As he hunkers over the stove alongside his mother, just like in his teens, preparing recipes for a cookbook on Korean home cooking, life becomes a time warp. "It's hard to see the future because time is moving very slowly," Kim said. "I feel like I've been here for a year, but I've actually been in Atlanta for three months."
Whether you're talking about the devastating Spanish flu of 1918 or the current crisis, "a pandemic screws up our sense of time," said Laura Spinney, author of the 2017 book "Pale Rider: The Spanish Flu of 1918 and How It Changed the World."
Then, as now, the mental exhaustion from the relentless sameness can lead some people to try to impose an artificial endpoint on the pandemic. "We've all had basically enough of wearing our masks and having our lives disrupted," Spinney said, "which is what we're seeing now with Covid fatigue."
That's one approach to dealing with a pandemic where time seemingly has no meaning. The other is simply to go with it.
For Taryn Southern, a futurist and documentary filmmaker in Los Angeles, the pandemic time warp of 2020 feels eerily similar to 2019, when her busy professional life ground to a halt as she underwent chemotherapy for Stage 3 breast cancer.
"You don't know if you're going to end up in the good or the bad side of fate," Southern, 34, said. "It's impossible to plan anything. You actually lose all sense of space and time because you're just too sick to interact or engage with the world in a normal way. I learned to just accept the insanity and take an absurdist view."
No wonder some people are imposing artificial structure on their days to anchor themselves in reality.
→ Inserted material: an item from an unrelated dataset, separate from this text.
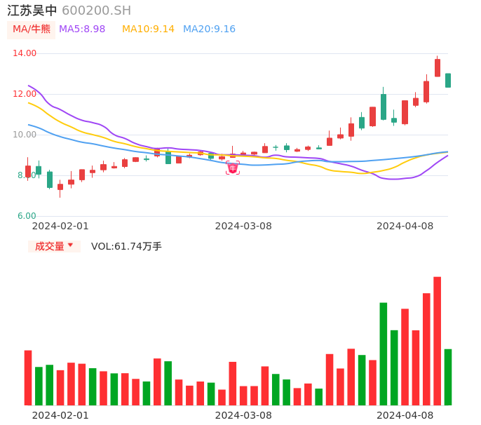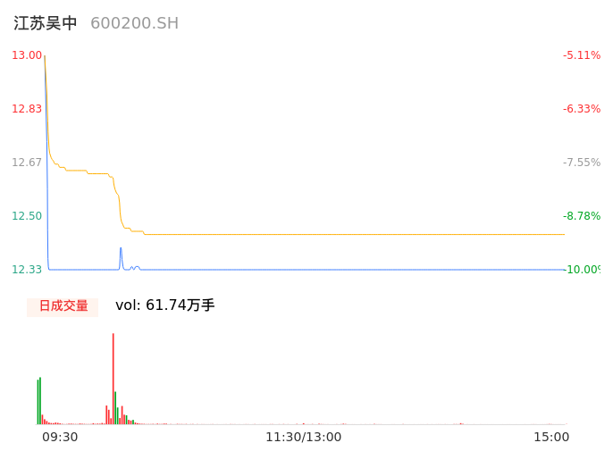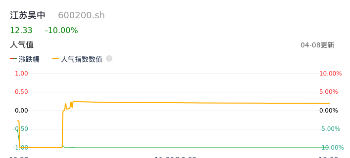 04月08日,江苏吴中收报12.33,股价涨幅-10.00%,成交金额7.68亿元,换手率8.70%。

Matt Buechele, an unemployed comedian in New York who has been racking up likes with his comic riffs about pandemic life on Instagram, keeps a journal to remind himself "that another day has ended," he said, "and that, for better or worse, another one will begin tomorrow."
Or perhaps we just need to remember that time is a human construct.
Greta Titelman, an actress in Los Angeles, was in Chile shooting episodes for "Los Espookys," a Spanish-language HBO comedy, when production shut down. Despite her career being largely on hold, Titelman said she has actually enjoyed the "simplified version" of time over the past eight months.
"Why don't we evolve out of time?" Titelman, 30, said. "Time just makes everyone anxious. We're always in competition with it: We overslept, we're running late. I always had this feeling like, 'I need to finish something this week, or something bad will happen.'
"Turns out," she added, "that's not true."